The maximum depth to which the light is injected into the tumour, is determined according to the preliminary ultrasound (gray-scale B-scan): the height of the tumor at a distance of 2.5-3.5 mm in the sclera from the centre of the base of the tumor minus 1.5-2 mm For exposure of the entire tumor volume (maximum depth, in the middle part, and so on) the depth of insertion of the optical fibers can be adjusted by typing in the channel to a maximum depth of at 2/3 of the maximum depth at 1/3. To control the depth of insertion of the optical fiber using the limiter.

After the introduction of the optical fibers conduct interstitial laser hyperthermia of the tumor, then remove the fiber and the cannula, sclerotome not taken.

For carrying out hyperthermia with multiple fibers simultaneously use multiple lasers or optical coupler. The invention is illustrated by the following data.

Clinical example. Patient N., 69 years. Entered in the Kaluga branch of IRTC "eye microsurgery" suspected tumor of the choroid of the right eye. According to the results of a comprehensive survey was diagnosed with melanoma of the choroid OD. Localization of the tumor - temporal in the Equatorial about the Asti. The size of the tumor by ultrasound B-scan: base 10,0 x 14,0 mm, the size of prominence 7,5 mm During PHAGE was detected characteristic mottled fluorescence.

Informed consent was obtained from the patient to treatment of melanoma of the choroid method for interstitial laser hyperthermia.

Interstitial laser hyperthermia of the tumor was performed using an optical fiber 600 μm, which was introduced by the proposed method through a 23 G needle, the distance between the optical fibers was 5 mm Hyperthermia was performed throughout the tumor volume, WDIV fiber optic cables to a maximum depth of at 2/3 of maximum depth, and 1/3. The depth of insertion of the optical fibers was controlled by the limiter, made in the form of rubber rings.

Immediately after hyperthermia and removal of the optical fibers in the sclera visible dot sclerotomy no signs of damage to the surrounding tissue. Sclerotomy not sutured.

During the control study within 6 months ophthalmoscopically on the location of the mass was determined chorioretinal lesion with heterogeneous pigmentation with residual prominence to 1.4 mm ultrasound mode power Doppler mapping of intratumoral blood flow in the projection of the hearth was completely absent. The observation period of 1.5 years with no signs of odolganova growth.

Hyperthermia with the introduction of the optical fibers of the proposed method has spent 4 patients with intraocular tumors. Used the optical fibers 400 μm and 600 μm, which was introduced through the needle 25 G and 23 G, respectively, the distance between the fibers ranged from 5 to 7 mm. in Neither case did not need additional surgical procedures after hyperthermia, signs of damage to the eye tissue outside the tumor was not found.

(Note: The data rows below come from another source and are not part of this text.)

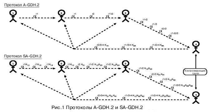 Однако SA-GDH.2 имеет более высокую «вычислительную стоимость» по сравнению с A-GDH.2. Прежде всего, он требует (n-1) экспоненцирование для каждого Mi (кроме первого), в отличие от i экспоненцирований в A-GDH.2. К этому еще добавляется работа по формированию общих ключей для каждой пары абонентов (если они не вычислены заранее): на последнем этапе проводится одно экспоненцирование – как и в A-GDH.2. На рис. 1 приведены примеры протоколов A-GDH.2 и SA-GDH.2.
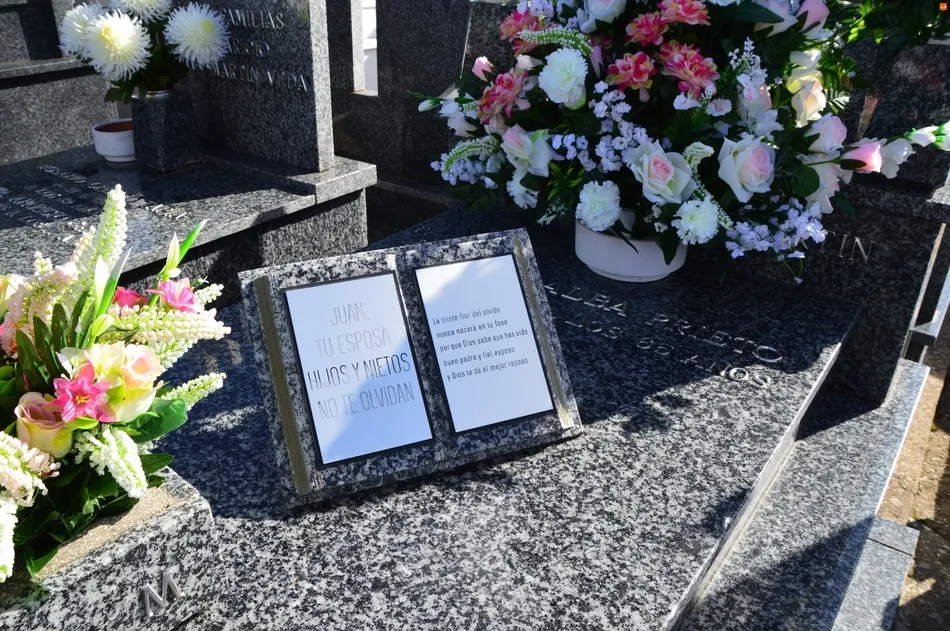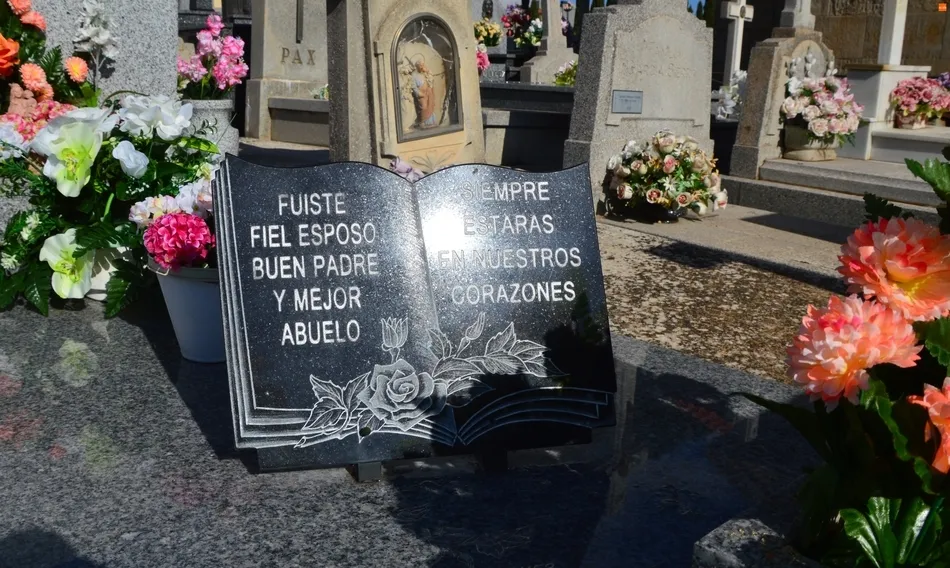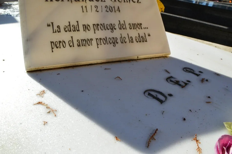 El cariño de esposos o esposas, padres, hijos o hermanos es el mensaje más común en las dedicatorias -?Quererte ha sido fácil, olvidarte es imposible? o ?Luis, tus primos de Francia no te olvidarán?-, pero también encontramos otras frases y mensajes más curiosos en el camposanto salmantino, incluso un aviso para los ?amigos de lo ajeno?, en concreto para los avispados que se dedican a robar las flores de las sepulturas. Así reza el aviso sobre la lápida: ?Tengo una cámara oculta vigilando mi sepultura. Estoy harto de que robe las flores de mis seres queridos. En cuanto le coja a usted llevaré las imágenes a la policía y procederé a la denuncia hacia usted por robo?. .jpg)
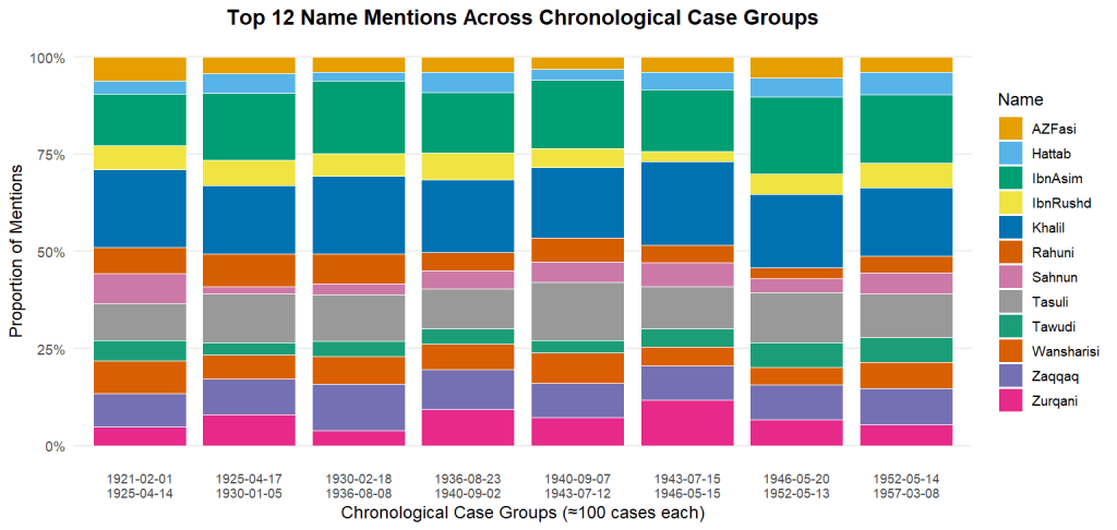 لا توجد إشارة إلى أن أي فقيه بعينه أصبح أكثر أو أقل بروزًا كنسبة من إجمالي الذكر مع مرور الوقت (رغم أن إجمالي ذكر الفقهاء كان يعلو ويدنو في مجموعة البيانات).
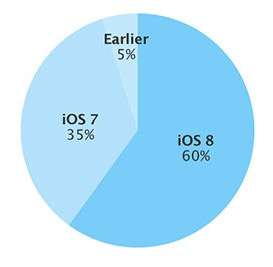 Se tra settembre e ottobre la crescita di iOS 8 era stata piuttosto ridotta e pari ad appena un punto percentuale (il 5 ottobre iOS 8 era presente "solamente" sul 47% dei device Apple), nel corso del mese di novembre si è registrata un’accelerata (+4% per un totale di 3 iPhone e iPad su 5 aggiornati all’ultima release), trend confermato dai dati pubblicati recentemente dall’azienda di Cupertino, secondo cui oggi il 63% di smartphone e tablet Apple utilizza la più recente versione di iOS.

The follow - up period of up to 18 months. In two cases achieved complete in two or partial destruction of the tumor by ultrasound.

Thus, the inventive method provides the possibility of hyperthermia at a controlled depth, minimum damage to the structures and tissues of the eye with the introduction of fiber optic cable and the procedure, no need for an additional surgical procedures after hyperthermia, limited necrosis of the tumor volume.

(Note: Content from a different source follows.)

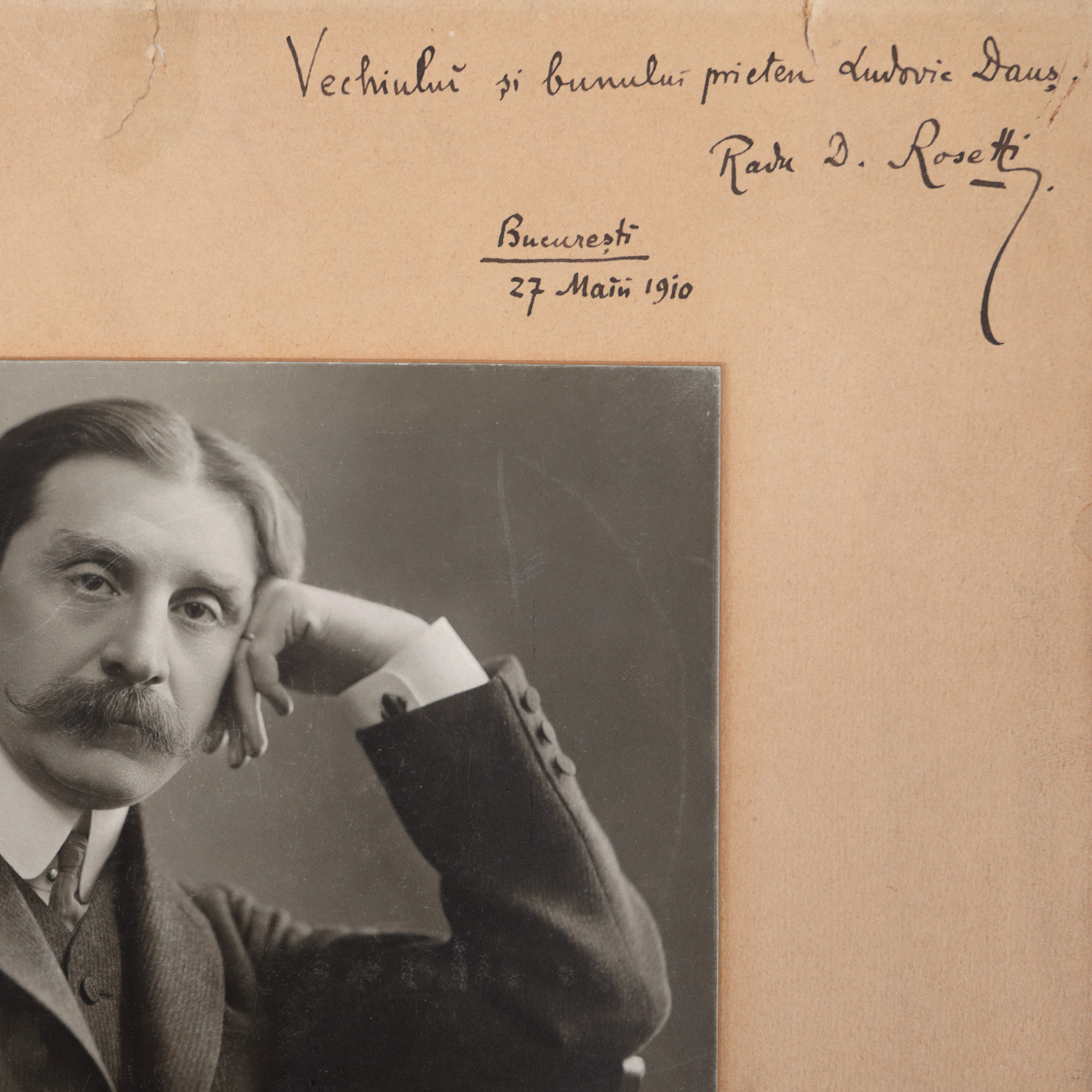 Scriitorul Radu D. Rosetti (1874-1964) este cunoscut astăzi mai ales datorită numeroaselor lui volume de impresii de călătorie, cu toate că a avut o bogată activitate literară. Fotografia este realizată la atelierul fotografic Julietta din București, este lipită pe cartonul original și poartă o dedicație olografă a lui către confratele Ludovic Dauș.

The method of introduction of optical fibers for interstitial laser hyperthermia treatment of intraocular tumors, namely, that light injected into the tumor transscleral by spears adjustable length cannula 23G or 25G perpendicular to the sclera on the line of greatest diameter at the base and on a line perpendicular diameter at a distance of 25-3,5 mm in both directions from the centre of the base of the tumor and the depth which is determined according to the preliminary ultrasound: the height of the tumor at a distance of 2.5-3.5 mm in the sclera from the centre of the base of the tumor minus 1.5-2 mm.